Ein solches antikapitalistisches Arbeiter*innenprogramm wäre ein mächtiger Hebel, damit die Arbeiter*innen den Kampf für eine radikale Agrarreform in ihre Hände nehmen, zusammen mit den Bäuer*innen, den Quilombolas und indigenen Völkern, um dieses koloniale und sklavenhalterische Erbe des Großgrundbesitzes zu beseitigen und allen, die auf dem Land arbeiten wollen, Land, Kredit und Technologie anzubieten.

Die gegenwärtige Phase der kapitalistischen Entwicklung bekräftigt den Widerspruch zwischen der inneren Dynamik des Akkumulationsprozesses und dem Aufbau nachhaltiger Alternativen; sie erzeugt aber auch die technischen Möglichkeiten und das soziale Subjekt, das es überwinden kann: die Arbeiter*innen. Die technologische Entwicklung wird heute noch immer dem Ausbau der räuberischen Nutzung von Ressourcen untergeordnet. Der Wettbewerb zwischen den Nationen verwandelt den Umweltdiskurs in Demagogie, so dass die entwickelten Nationen, die die größten Verschmutzer der Welt sind, das Wachstum der Entwicklungsländer mit Nachhaltigkeitszielen einschränken.

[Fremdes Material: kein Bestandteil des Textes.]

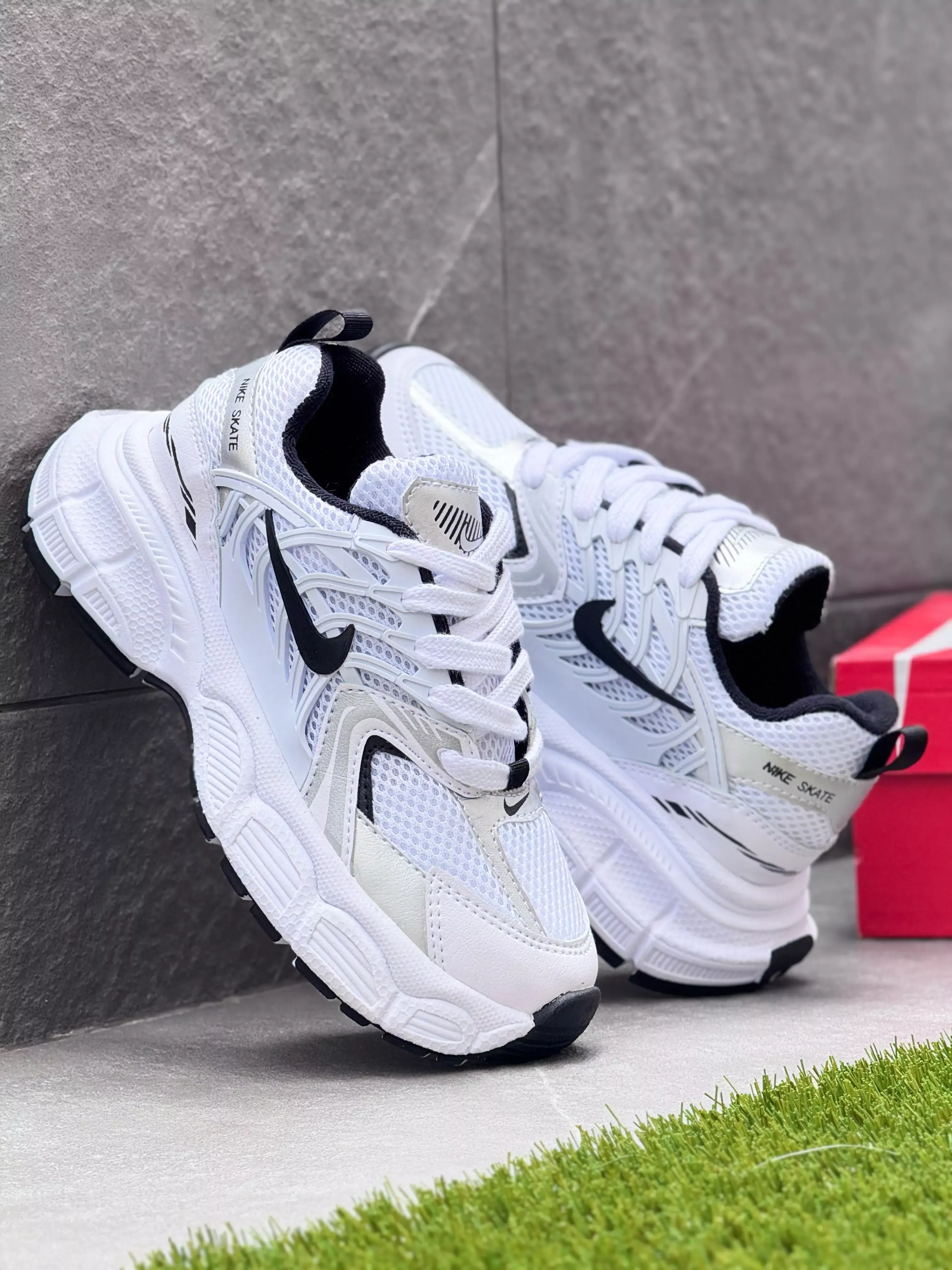 These Nike Skate sneakers feature a clean white upper accented with bold black details for a sharp, classic look. Built for comfort and daily wear, they include metallic silver touches and a supportive sole ideal for casual skate-inspired styling.

Die Veränderung dieser Realität benötigt einen radikalen Wandel in der Gesellschaft, in der wir leben. Es gibt keinen möglichen historischen Ausgleich zwischen einer auf Gewinn ausgerichteten Produktion – deren unerbittliche Dynamik die Anhäufung von Kapital ist – und irgendetwas Ähnlichem wie der rationellen und umweltgerechten Nutzung natürlicher Ressourcen. Nur der Aufbau einer Gesellschaft, die von den Klauen des Kapitals befreit ist und somit auf der Grundlage frei assoziierter Produzent*innen wird dazu in der Lage sein, die räuberische Ausbeutung der Natur, die Umweltkrise und das soziale Elend, dem wir ausgesetzt sind, zu überwinden.